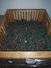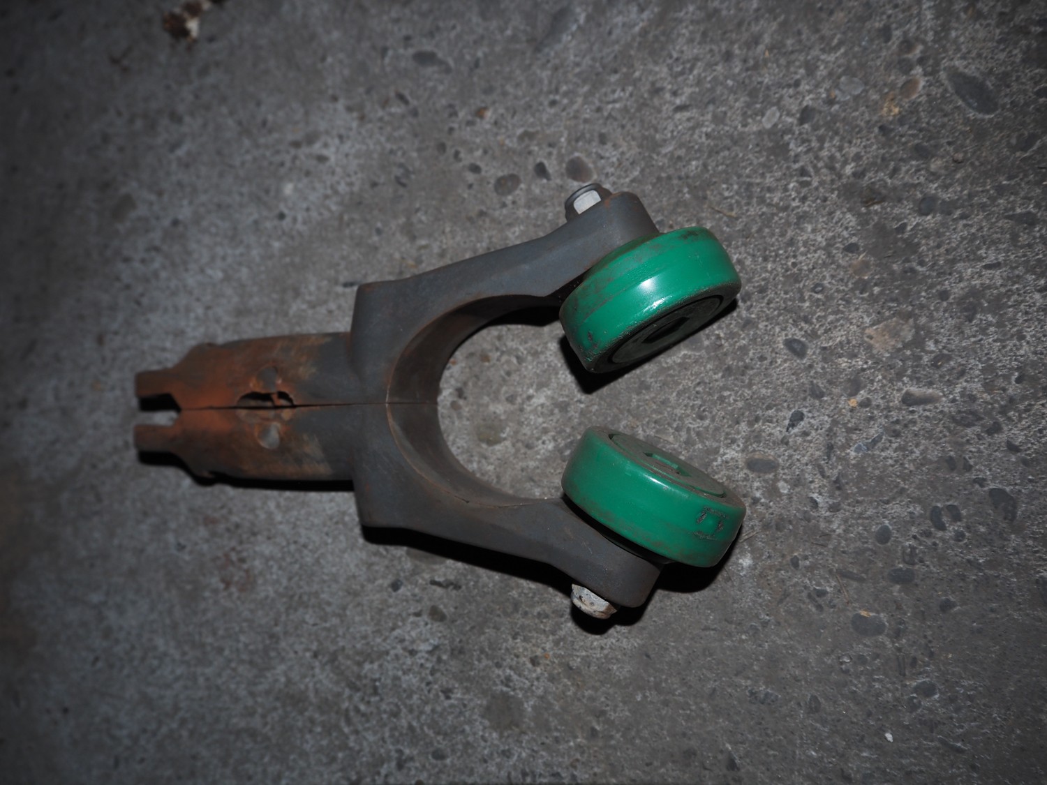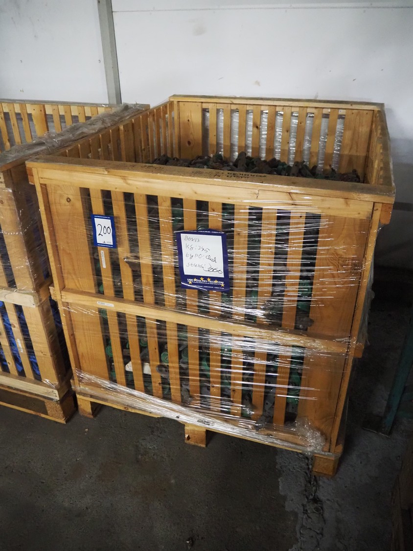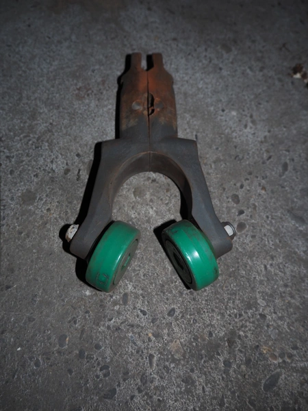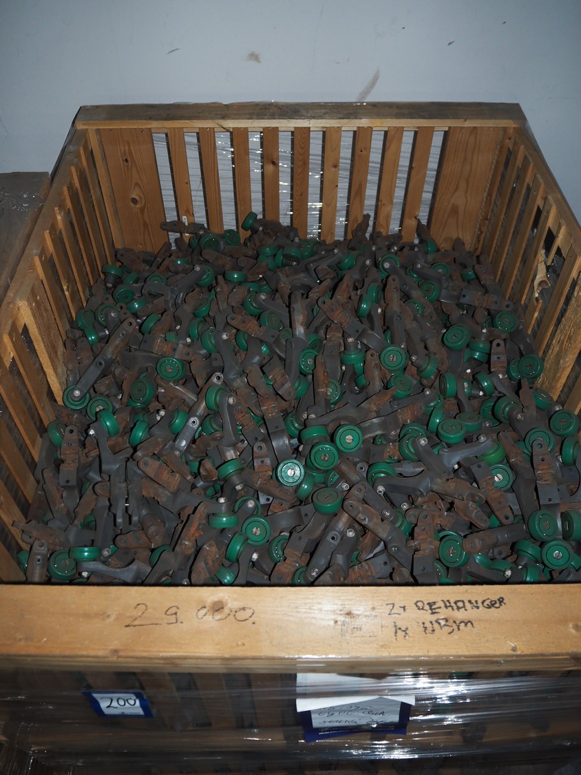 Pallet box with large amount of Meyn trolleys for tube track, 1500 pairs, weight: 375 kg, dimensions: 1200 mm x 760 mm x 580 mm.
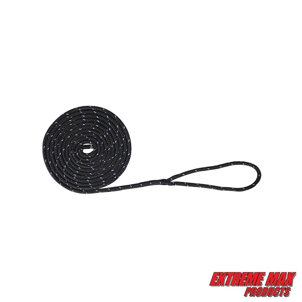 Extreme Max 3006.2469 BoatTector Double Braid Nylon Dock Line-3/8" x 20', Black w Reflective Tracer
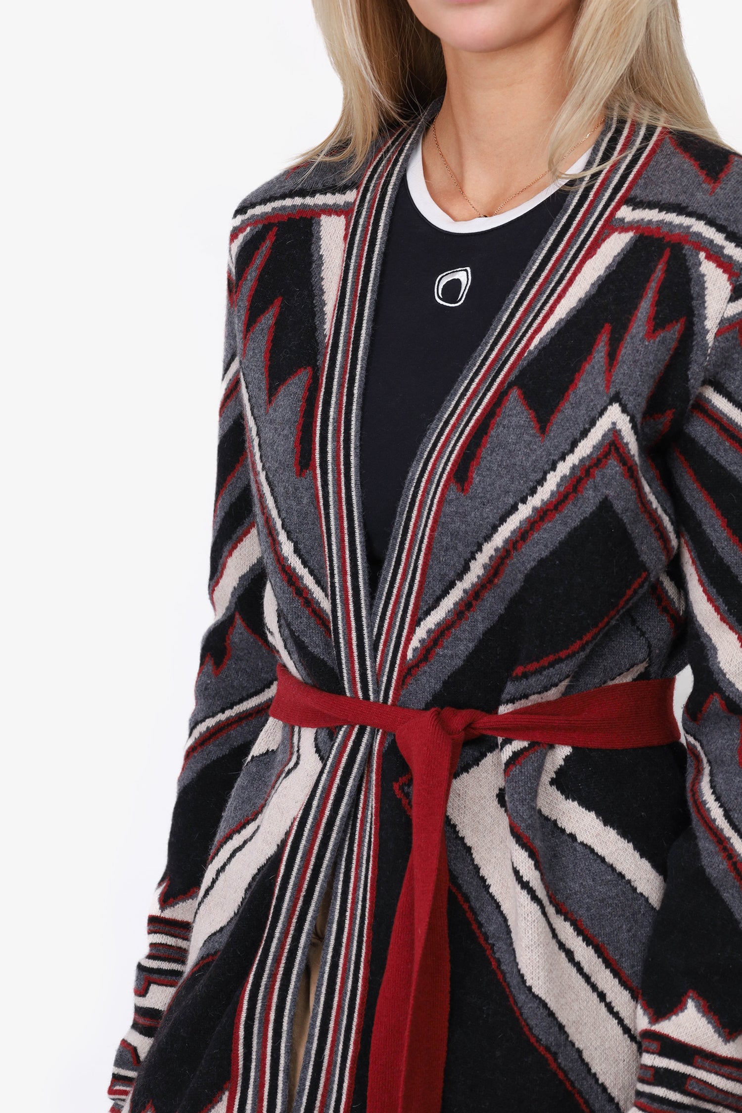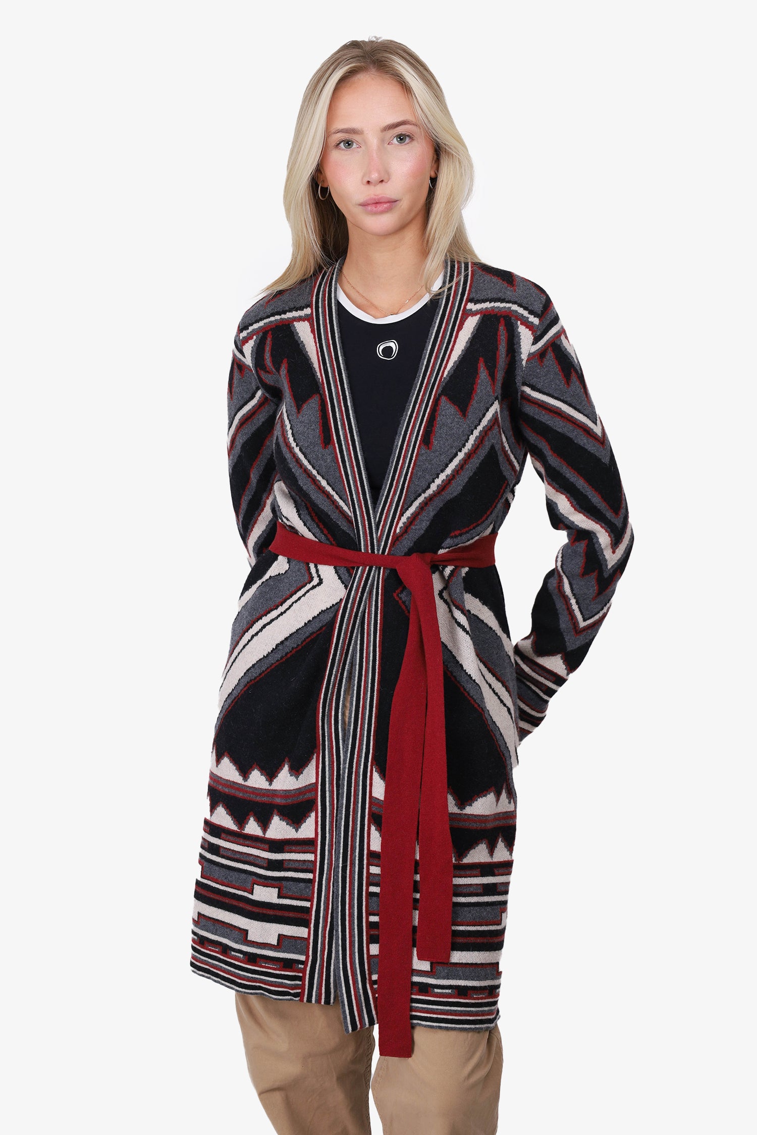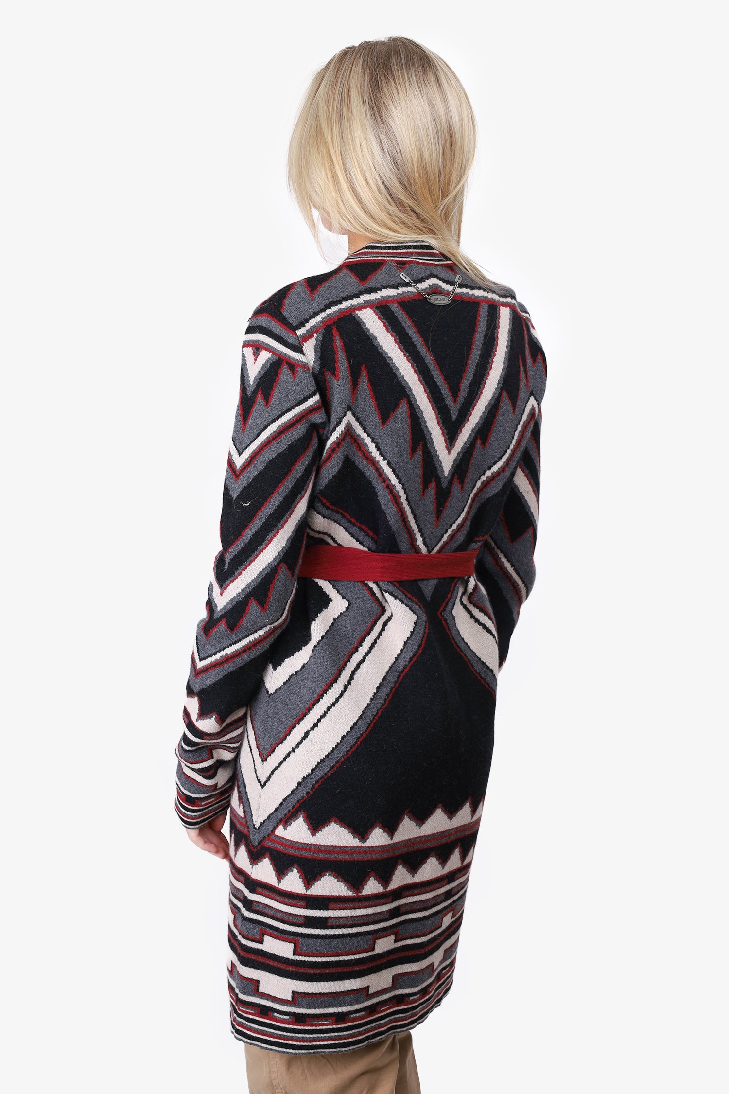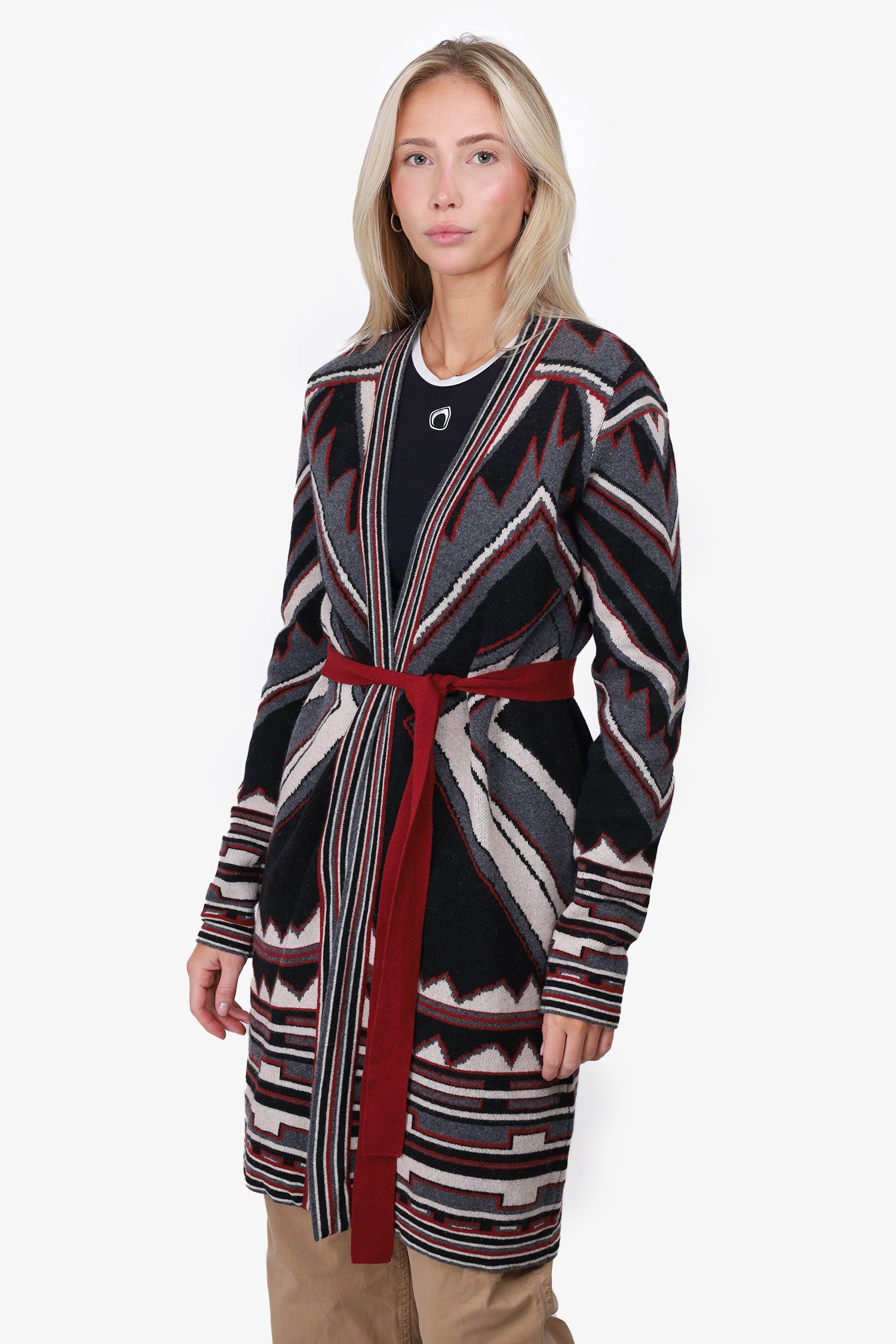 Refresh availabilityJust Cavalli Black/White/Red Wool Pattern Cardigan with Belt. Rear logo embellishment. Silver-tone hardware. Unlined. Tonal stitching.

▶ **What to produce**:
Could you retype every line above exactly as it appears, skipping the pictures?

▶ **Exercise output**:
 Pallet box with large amount of Meyn trolleys for tube track, 1500 pairs, weight: 375 kg, dimensions: 1200 mm x 760 mm x 580 mm.
 Extreme Max 3006.2469 BoatTector Double Braid Nylon Dock Line-3/8" x 20', Black w Reflective Tracer
 Refresh availabilityJust Cavalli Black/White/Red Wool Pattern Cardigan with Belt. Rear logo embellishment. Silver-tone hardware. Unlined. Tonal stitching.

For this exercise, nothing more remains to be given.